Among the entries below, only the lines from the one with "Кэфы повыше - от" through the one with "الثقافة المالية للشباب" are wanted, reproduced exactly. Pictures are not wanted.

## Material provided
════════════════════

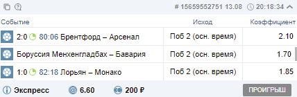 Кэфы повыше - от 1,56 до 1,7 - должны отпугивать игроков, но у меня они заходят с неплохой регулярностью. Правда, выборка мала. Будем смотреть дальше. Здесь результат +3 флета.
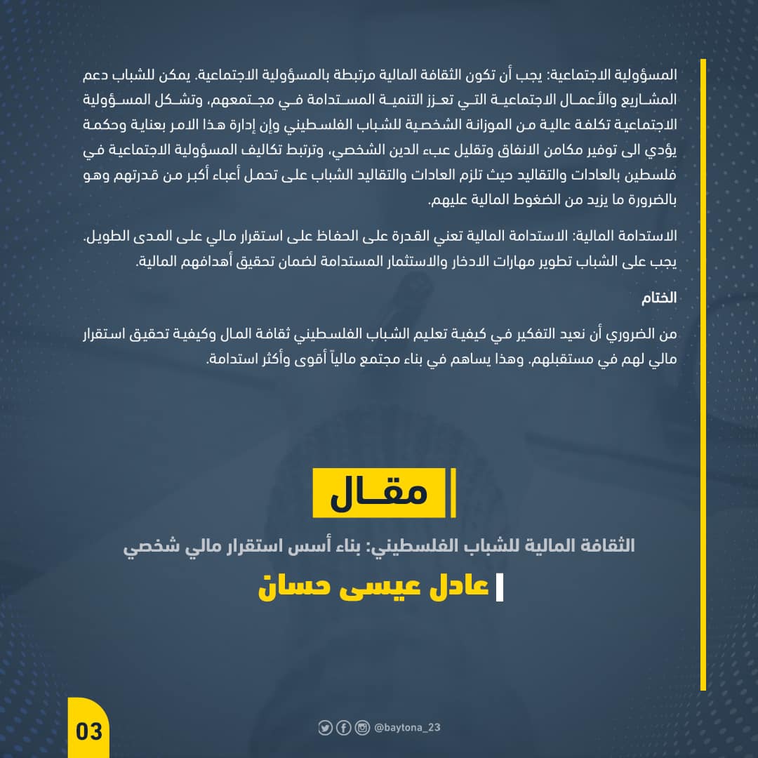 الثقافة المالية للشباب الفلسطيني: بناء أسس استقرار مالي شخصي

════════════════════

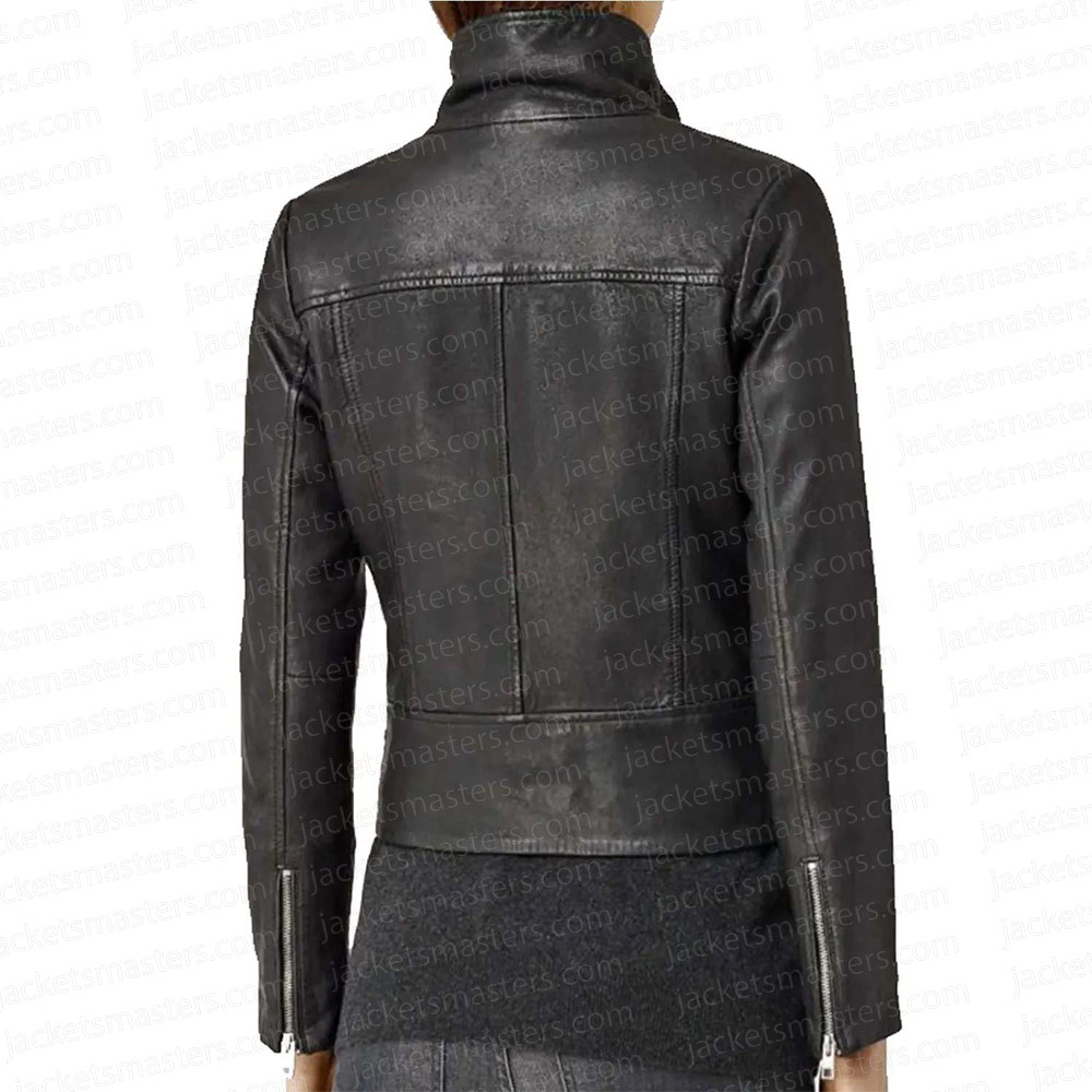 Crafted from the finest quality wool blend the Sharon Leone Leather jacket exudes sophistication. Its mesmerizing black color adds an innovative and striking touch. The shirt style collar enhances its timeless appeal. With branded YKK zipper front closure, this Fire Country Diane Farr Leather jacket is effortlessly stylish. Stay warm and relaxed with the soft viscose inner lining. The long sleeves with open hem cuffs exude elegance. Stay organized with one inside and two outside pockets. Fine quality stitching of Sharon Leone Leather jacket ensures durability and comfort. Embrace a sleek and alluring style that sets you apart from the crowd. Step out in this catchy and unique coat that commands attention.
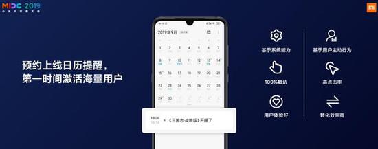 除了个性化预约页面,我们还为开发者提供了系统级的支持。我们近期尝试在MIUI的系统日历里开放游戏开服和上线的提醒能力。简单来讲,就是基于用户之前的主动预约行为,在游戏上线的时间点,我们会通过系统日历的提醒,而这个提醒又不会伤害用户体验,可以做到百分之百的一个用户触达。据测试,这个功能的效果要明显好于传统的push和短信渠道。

════════════════════

## Your response
 Кэфы повыше - от 1,56 до 1,7 - должны отпугивать игроков, но у меня они заходят с неплохой регулярностью. Правда, выборка мала. Будем смотреть дальше. Здесь результат +3 флета.
 الثقافة المالية للشباب الفلسطيني: بناء أسس استقرار مالي شخصي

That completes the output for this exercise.